Von Achim Wendt, Büro für Bauforschung, Dokumentation und Konzeption folgten direkt zwei Vorträge, da der geplante Vortrag von Isabel Köhr-Kraft zur Wahrnehmung von Burg Münzenberg im Wandel der Zeit krankheitsbedingt ausfallen musste. Auf Burg Münzenberg musste trotzdem nicht verzichtet werden, da Wendt über Grabungen an der Burgruine und die daraus gewonnenen Erkenntnisse berichten konnte. Diese präzisieren die Ergebnisse der älteren Forschung, die einige offene Fragen nicht klären konnte.

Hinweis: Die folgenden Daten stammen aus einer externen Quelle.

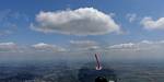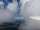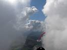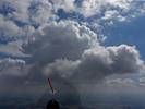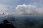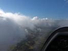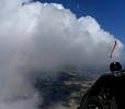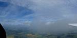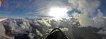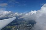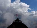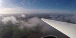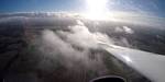 Winch launch 1: Looking across the rolling Hampshire countryside towards some large towering cumulus clouds. | The new GoPro attached to the canopy and recording away. | Even small fluffy clouds make the short flight immensely more interesting. | Me and my GoPro in our first flight together. | Another view Westwards over the low cloud. Basingstoke under the wing. | Looking down through a cumulus at Lasham village. |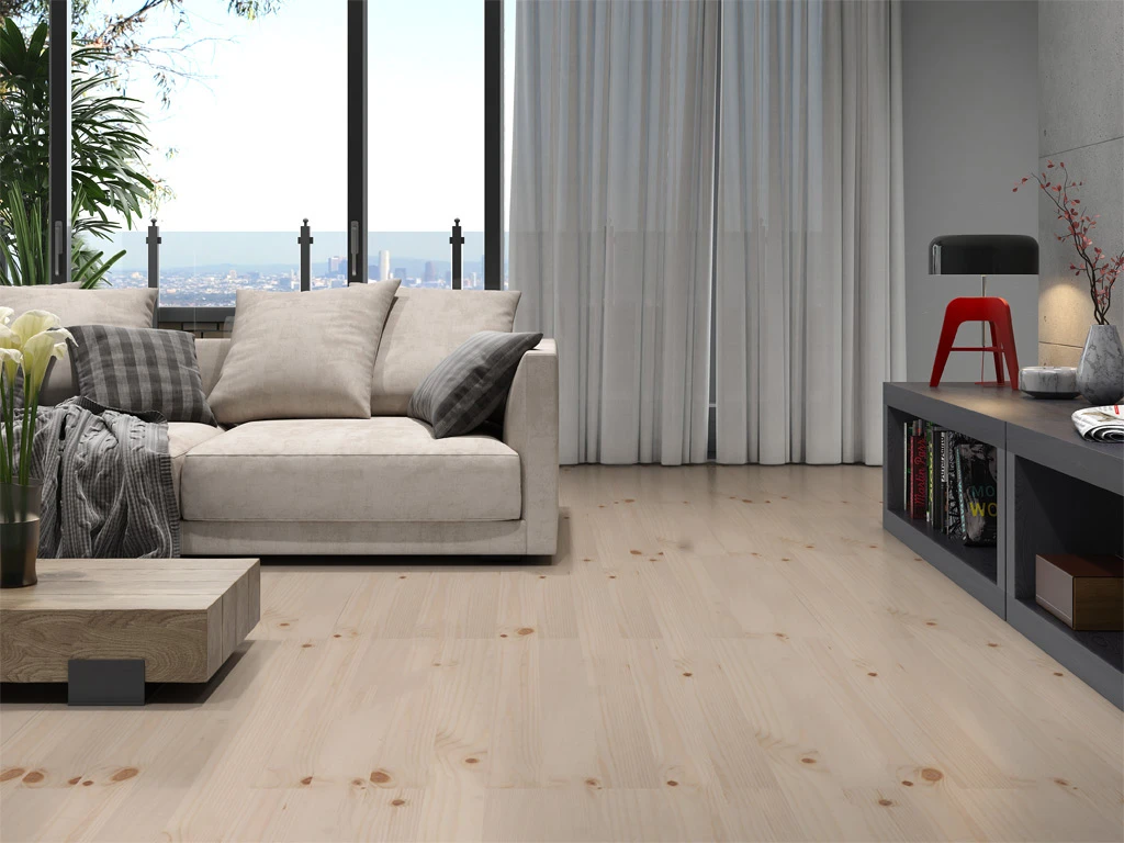 Les lames en bois massif sont le nec plus ultra en matière de revêtement de sol. La belle veinure naturelle du pin présente souvent des remplissages de nœuds et de petites irrégularités qui s’accordent bien avec les styles d’habitat naturels. Le bois de pin est très apprécié pour sa durabilité et son excellent bilan écologique, car il se renouvelle très rapidement. Le bois est relativement tendre et élastique.

Auch bei der Ruine von Burg Wildenberg zeigten sich bei der Erforschung Wiedersprüche zur bisher angenommenen Baugeschichte. Von besonderem Interesse war für Achim Wendt dabei eine Fenstergruppe, die mit der Außenseite nach innen eingebaut war. Er vermutet, dass diese erst retrospektiv aus mittelalterlichen Architekturfragmenten zusammengesetzt worden ist

Ein Plädoyer für die Bauforschung

Das Organisationsteam fand abschließende Worte und schloss die Tagung mit einem Plädoyer für die kontinuierliche Erforschung unseres baulichen Erbes ab. Nur unter Einbeziehung aller verfügbaren Quellen und Offenheit gegenüber neuen Methoden kann ein Bauwerk und dessen Forschungsgeschichte kritisch hinterfragt und neu bewertet werden.

Die Ergebnisse der Tagung sollen um weitere Beiträge bereichert 2024/25 erscheinen.